10. Il Convegno si chiude con l’intervento di Eugenio Di Rienzo il quale fornisce nuovi significativi elementi sulla parabola cantimoriana. In primo luogo il Di Rienzo legge una lettera inedita di Sestan del ’44, che testimonia dello stupore generale sulla breve durata della transizione di Cantimori dal fascismo al comunismo. Del resto, Di Rienzo ricorda in proposito anche la collaborazione cantimoriana a “Civiltà fascista” durante il secondo conflitto mondiale. Tuttavia, precisa Di Rienzo è proprio lo stesso Cantimori a favorire e generare equivoci e confusioni sulla propria evoluzione politico-culturale attraverso un’opera di vera e propria “scomposizione e ricomposizione della tradizione intellettuale italiana successiva al 1918” attuata nel volume Studi di Storia del ’59. In questo rifacimento a posteriori, Cantimori rinnega ed espunge la grande genealogia culturale formata da Gentile e Gioacchino Volpe che presiede alla composizione degli Eretici a vantaggio del metodo storico positivista, della storiografia gramsciana, togliattiana e crociana. Genealogia la cui reale preminenza in relazione agli Eretici, del resto, Di Rienzo asserisce sulla base di vari elementi documentari, tra cui la ben nota lettera del ’38 inviata da Cantimori a Gentile mentre attende alla correzione delle bozze di una nuova edizione della Teoria dell’atto puro. Genealogia peraltro, sconfessata ben prima degli Studi di Storia, nella prefazione del ’49 agli Eretici già menzionata ed in altri interventi con riguardo specialmente a Gioacchino Volpe. Fin dal ’49, infatti, Cantimori lo definisce un “bruto naturalista” e nel ’52 addirittura un “cattivo maestro” fino all’accusa di fascismo rivoltagli nel ’60 nello scritto che commemora Chabod. Quindi una disarticolazione operata dall’interno e consapevolmente non capace tuttavia di nascondere tutte le tracce di segno contrario. Di Rienzo in proposito ricorda le Divagazioni profane su Marsilio Ficino del ’54 dove alla “esattezza bibliografica, l’acribia filologico-esegetica” degli studi di Kristeller su Ficino “uomo del Rinascimento”, viene opposta e in parte preferita la prospettiva storica del Saitta che evidenzia i caratteri di modernità e di originalità del pensiero di Ficino quale uomo dell’Umanesimo. Soprattutto poi, conclude Di Rienzo terminato il “lungo viaggio nel comunismo”, Cantimori nel ’62 anche se soltanto con una lettera privata restituisce a Volpe i suoi meriti ed il suo ruolo di grande maestro.
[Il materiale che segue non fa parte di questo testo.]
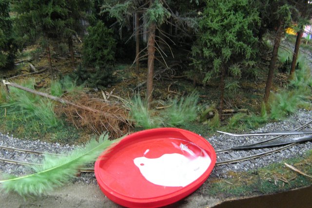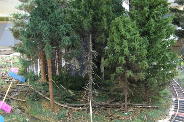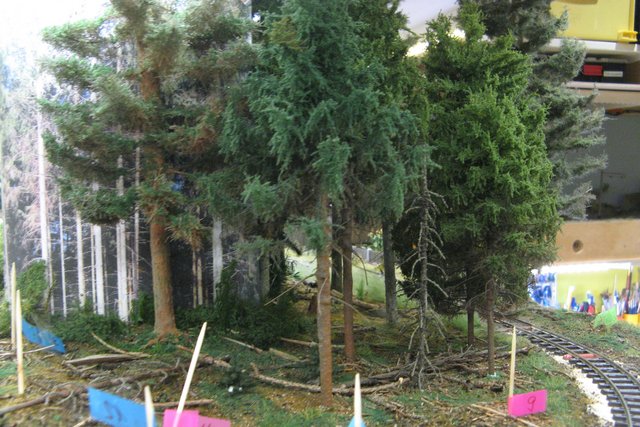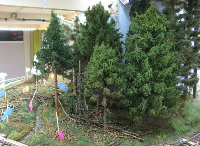 Den Baumstumpf und die Pilze setze ich erst später ein, da diese nur im vorderen Bereich hinkommen wo noch die Bäume fehlen.

La partecipazione di storici e di storici della filosofia con analisi puntigliose, nuovi documenti e testimonianze dirette ha mostrato pertanto quanto sia ancor vivo il magistero cantimoriano e l’esigenza di riconsiderarlo criticamente alla luce dell’incidenza su di esso esercitata da tanti grandi maestri della cultura italiana secondo suggestioni e problematiche che evidentemente non possono esaurirsi in due sole giornate di convegno.